*INSTRUCTIONS TO FOLLOW*:
Find "Sometimes a DEP" below and begin at its line; stop after the line with "酸甜口米线汁是这一碗凉拌米线". Output those lines exactly, without pictures.

*AVAILABLE DATA*:

◇ ◇ ◇ ◇

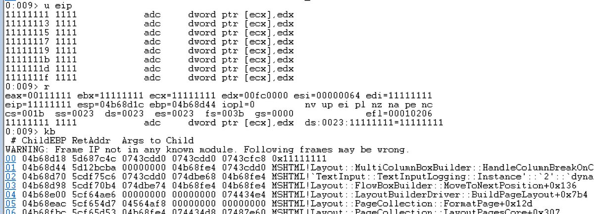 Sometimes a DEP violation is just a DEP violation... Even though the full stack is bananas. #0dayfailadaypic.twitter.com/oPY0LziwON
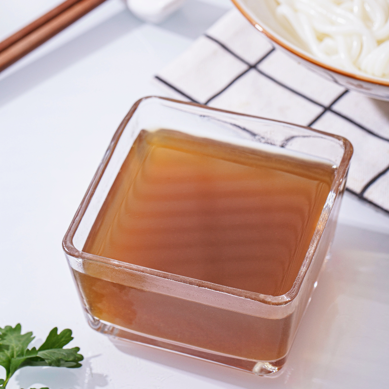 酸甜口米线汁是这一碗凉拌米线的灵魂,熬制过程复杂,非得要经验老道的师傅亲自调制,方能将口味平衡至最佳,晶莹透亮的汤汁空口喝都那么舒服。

◇ ◇ ◇ ◇

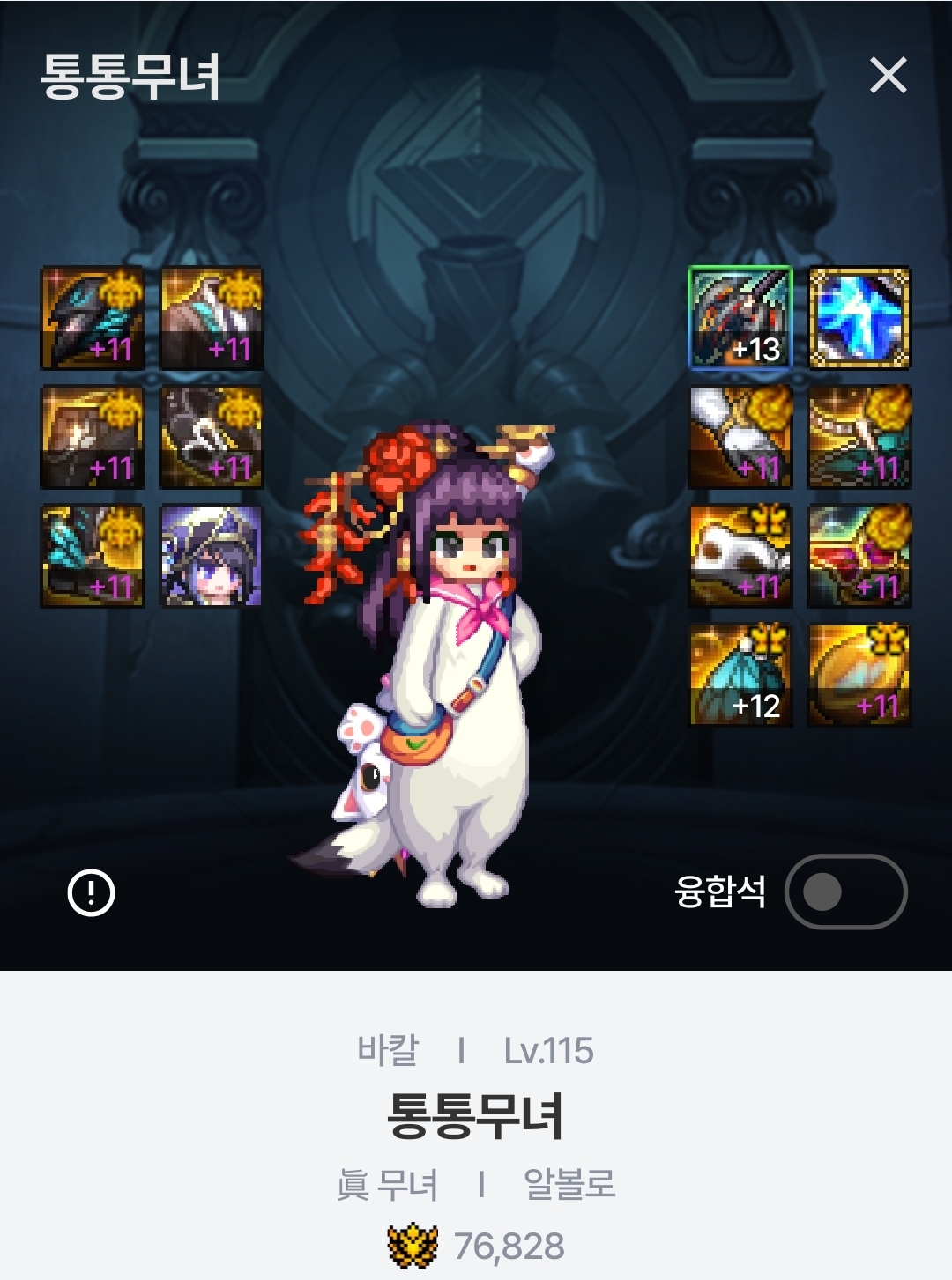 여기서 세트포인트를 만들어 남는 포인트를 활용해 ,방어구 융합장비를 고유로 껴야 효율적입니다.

◇ ◇ ◇ ◇

*SOLUTION*:
 Sometimes a DEP violation is just a DEP violation... Even though the full stack is bananas. #0dayfailadaypic.twitter.com/oPY0LziwON
 酸甜口米线汁是这一碗凉拌米线的灵魂,熬制过程复杂,非得要经验老道的师傅亲自调制,方能将口味平衡至最佳,晶莹透亮的汤汁空口喝都那么舒服。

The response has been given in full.